[Stored entries]
***
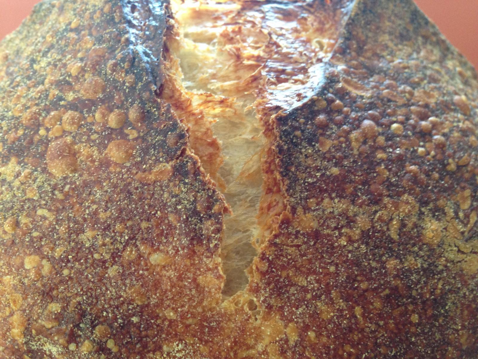 Ooh, that's a beauty V's sis!  Love that russet color and those blisters.  And the crumb with its upward motion frozen in time, so that it is forever striving higher but never quite reaching its zenith.  It doesn't get much better than that.
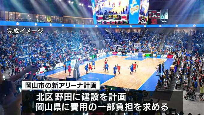岡山市が北区野田に建設を目指している新アリーナを巡っては、市が岡山県に費用の一部負担を求めていて岡山市は県の回答を踏まえながら、今月中に建設に絡む新年度の当初予算の方針を決めたいとしていました。
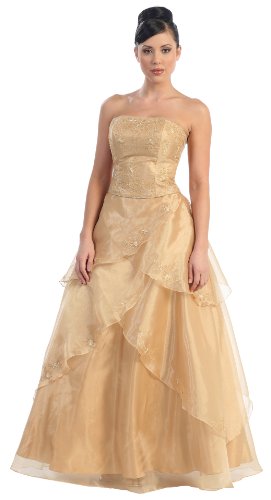 | 5 of 5 people found the following review helpful: By Amazon Verified Purchase This review is from: Ball Gown Elegant Formal Prom Wedding Dress #2460 (Apparel) I purchased this dress in Ivory to wear as my wedding dress. I am top heavy (bra size 40I) and it was very hard to find a regular wedding dress to fit up top, especially within my small budget. I purchased the dress in a size 20 and have plenty of room for my bust area. The dress came with a shoulder wrap and detachable straps. The straps are pretty much useless though. They're thin and the attaching hook is visible when they're on. If you want straps for this, and don't care about the wrap, I would suggest using the material from the wrap to make straps. The styling is just like the picture. It's very pretty and has a unique layered look. The skirt is sufficiently full on its own, but I added a petticoat to really make it pop. The embroidery and beading look okay. It won't impress anyone, but they do add to the beauty of the dress. You will probably have to reinforce some of the threads holding on the beadwork. They're not individually sewn on... Read more |
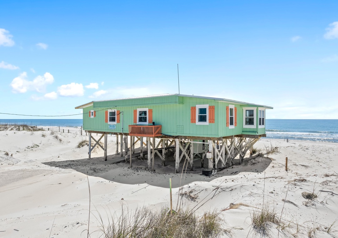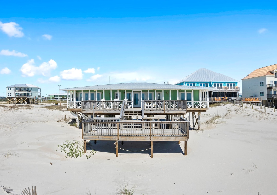 Nestled directly on the sandy shores of Fort Morgan, AL, this charming beachfront retreat accommodates up to 10 guests comfortably, featuring a gorgeous primary suite with a king bed, and three additional bedrooms boasting one queen bed, two twins, and a twin over twin bunk. The living room also features a queen sleeper sofa. Ideal for your next beach getaway with loved ones, this cozy abode invites you to unwind in front of the flatscreen TV with cable in the living room or embark on a leisurely stroll along the shoreline for a refreshing evening. After soaking up the sun, return home to whip up a delectable, home-cooked meal in the well-appointed kitchen, boasting top-notch appliances and cookware for the designated chef to showcase their culinary prowess.
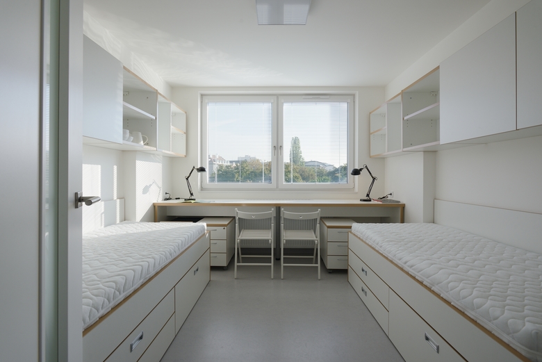 Self-contained double rooms, i.e. each with a bathroom and a toilet, are placed in the existing reinforced-concrete pole span. Single and four-bed rooms, including rooms for students with physical impairments, are designed for end and corner positions. Each floor is equipped with a common kitchenette for cooking meals. A reception and a restaurant are available from the entrance lobby. The basement features a student’s club, fitness, laundrette and building services.
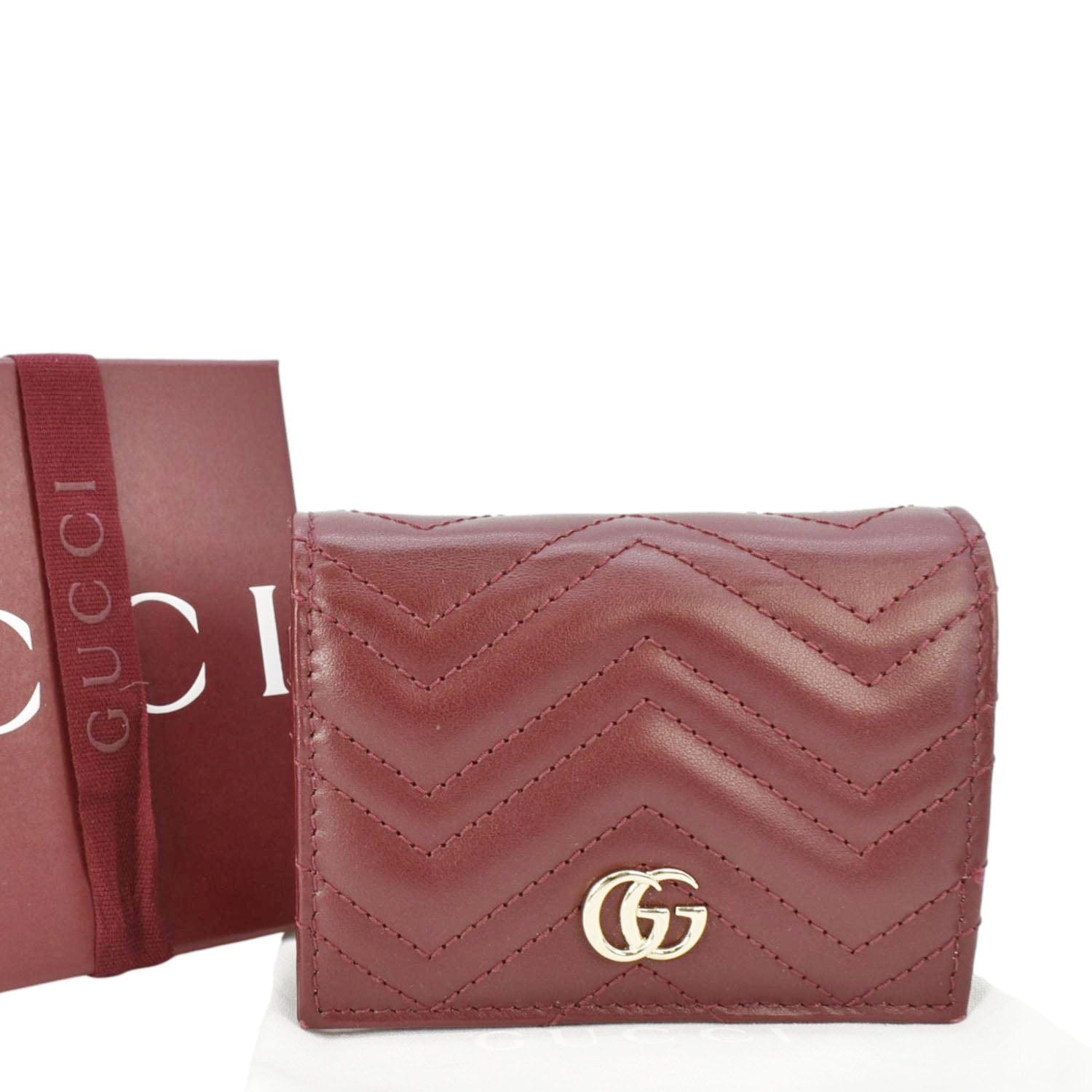 The GUCCI Marmont GG Matelassé Card Case Wallet in red features quilted leather with the iconic GG logo in gold-tone hardware. Compact and stylish, it’s perfect for organizing cards and essentials with a bold touch.
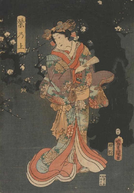 Enjoying Plum Blossom Viewing in the Spring Haze, Lady Murasaki no Ue, right sheet of a triptych
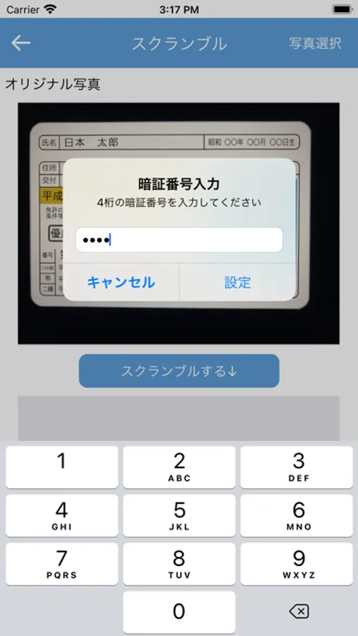 ・「スクランブルする」ボタンをタップすると暗証番号を使うかどうかを聞かれるので選択する
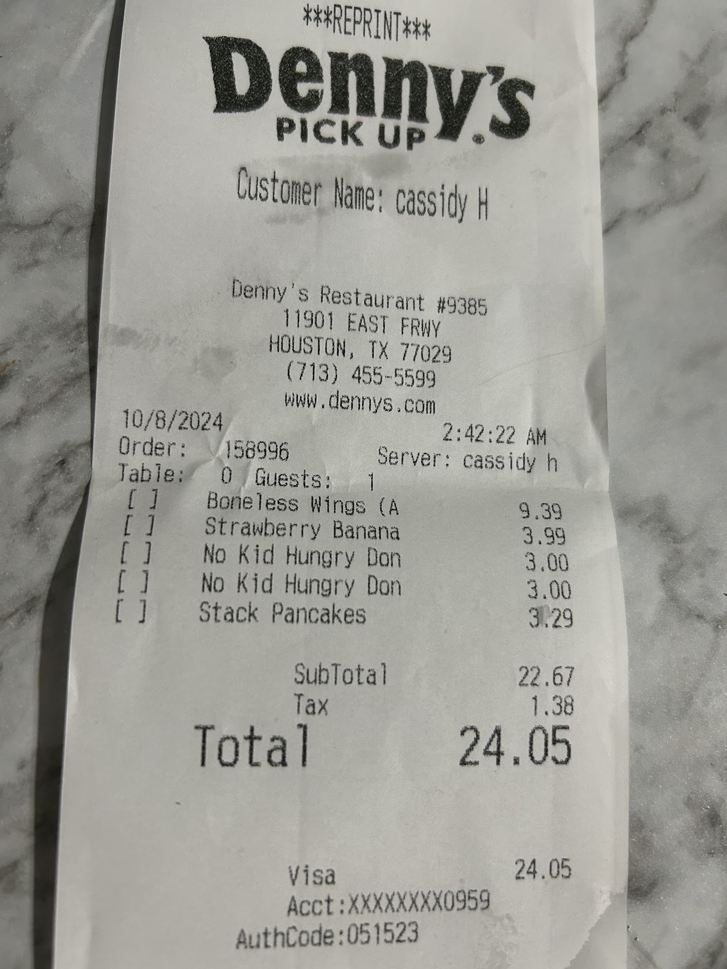 Denny's is great. I Love Denny's. I go to them in dozens cities as they're a reliably well priced and decent chain. So I went to this one next to our motel while in a trip to explore Houston...
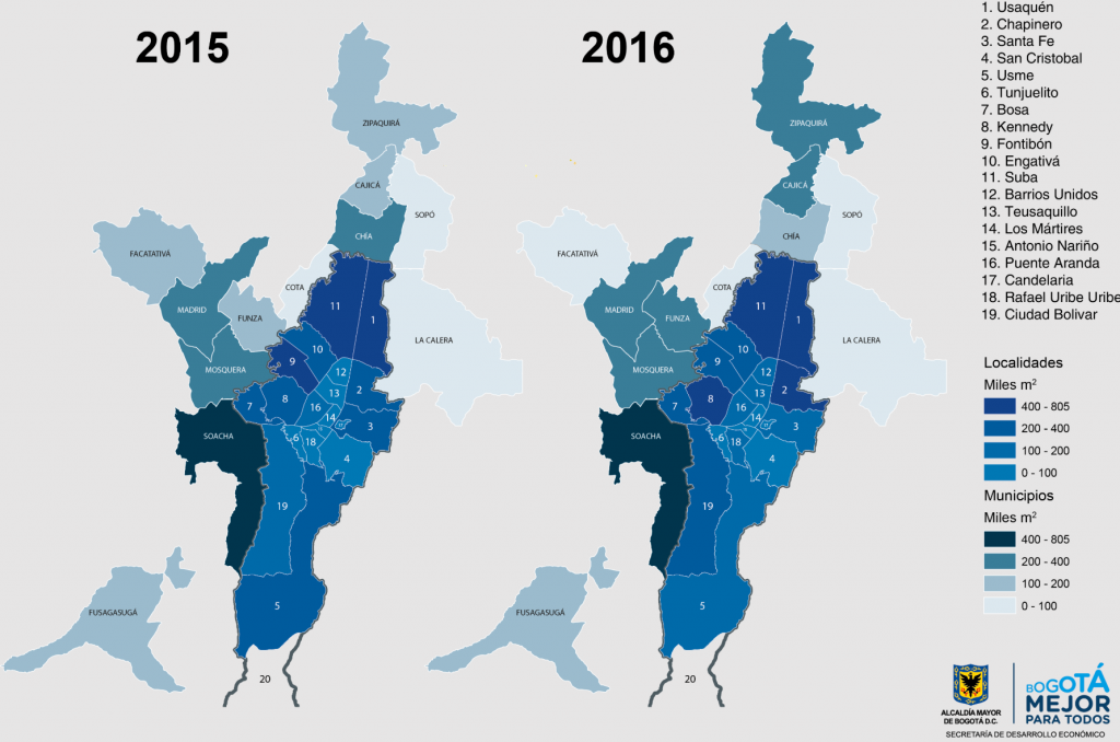 Published in: Boletines En 2016, Usaquén incrementó en 298.968 metros cuadrados, el área nueva en proceso de construcción Author Observatorio Economico Published on: 27 de mayo de 2017 Destacados: En Kennedy el destino que más creció en área nueva en proceso fue Comercio.En Zipaquirá el área nueva en proceso se incrementó en 101.856 m2.En Funza el destino bodegas, pasó de 1.284 m2 en 2015 a 153.192m2 en 2016.En Usaquén las viviendas No VIS en proceso pasaron de 8.390 a 5.670 unidades en 2016. Archivo de descarga: Boletín construcciÓn regional No.9 Temas: Construcción regional. Tipo de Publicación: Boletines
***
EXERCISE: Print, exactly as written, the lines above from the first one to the one containing "岡山市が北区野田に建設を目指". Leave out pictures.

RESULT OF THE TASK:
 Ooh, that's a beauty V's sis!  Love that russet color and those blisters.  And the crumb with its upward motion frozen in time, so that it is forever striving higher but never quite reaching its zenith.  It doesn't get much better than that.
岡山市が北区野田に建設を目指している新アリーナを巡っては、市が岡山県に費用の一部負担を求めていて岡山市は県の回答を踏まえながら、今月中に建設に絡む新年度の当初予算の方針を決めたいとしていました。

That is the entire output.